A few intellectual leaders of the Republican party’s right-wing have begun to convince themselves that Santorum may be a risk worth taking. He gives activists some fallback reasons to vote should economic recovery continue, and he will stir the base, especially Tea Partiers and evangelical Christians. GOP enthusiasm has been on the wane lately but with Santorum, goes the thinking, GOP turnout may increase. (The swing independents in competitive states are another matter. Many independent analysts think Santorum is too far right on social issues to be elected in November.)

A brokered convention?

There is an additional rationale for the Santorum surge. It is no secret that some highly placed Republicans are rooting for the fabled “brokered convention,” a situation that can only arise if no candidate gets the 1,144 delegate majority and the leading contenders — perhaps because they have learned to hate one another — cannot agree upon a joint ticket that would produce a delegate majority in Tampa. If Santorum can start to win more contests, and Gingrich and Paul stay in and grab their share too, Romney may not be able to go over the top, opening the door to — whom exactly? We keep hearing the same names (Mitch Daniels, Jeb Bush, Chris Christie and Paul Ryan) except that none of them seem interested in the slightest.

If no candidate wins a delegate majority, the brokers may well be the candidates themselves. Their delegates are bound for at least one ballot, and most are personally loyal to the candidate and may follow his lead for multiple ballots, if it comes to that. Romney, Santorum, Gingrich and Paul will have slogged through all 50 states by convention time. Why would they permit someone who slept in his own bed and had regular meals for the past year to swoop in and take the big prize? More likely, perhaps through trusted intermediaries, the four contenders would negotiate a solution — a ticket, platform and prime-time speech schedule. The alternative is chaos of the first order, with thousands of journalists hovering in Tampa to report every epithet uttered by delegates determined to get their man nominated.

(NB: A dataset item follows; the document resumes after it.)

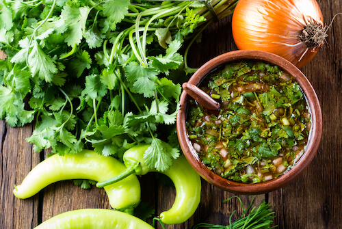 Pebre is a very spicy sauce. This pebre sauce is made of tomatoes, onions, garlic, olive oil herbs and peppers and lots of cilantro (coriander).

Probably, one way or another, this apocalyptic vision will be dashed. It may well be that Romney is able to replay Florida, targeting Santorum in Michigan the way he did Gingrich in the Sunshine State. Romney will outspend and out-advertise Santorum for sure, and his attack machine may work its black magic anew. Romney remains the nomination favorite and the only candidate with the organization, money, and national backing to compete effectively in most states most of the time. But so far, even Romney’s most ardent backers have to admit that the opposition to their candidate is deeper and broader than they expected. It is less improbable than before that Republicans will have  a “1964 moment” and upend the best laid plans of party strategists.

Conclusion

We’re more than eight months away from election day, and it is too soon for any fair-minded analyst to project an election outcome. Still, the year isn’t turning out the way Republicans had hoped. There is no unifying candidate in sight, and the contenders are savaging each other in ways that are saving the Obama campaign the cost of TV consultants’ creative fees. Slow but steady economic progress is also producing the 50%+ job approval ratings for an incumbent that historically have led to reelection.

In the topsy-turvy world of politics, things can shift overnight, and 2012 is already setting records for the wanton destruction of carefully crafted conventional wisdom. Republicans, in their winter of discontent, must hope the seasons change with a vengeance. Meanwhile, the warm winter has thawed the once-frozen prospects of a second Obama term.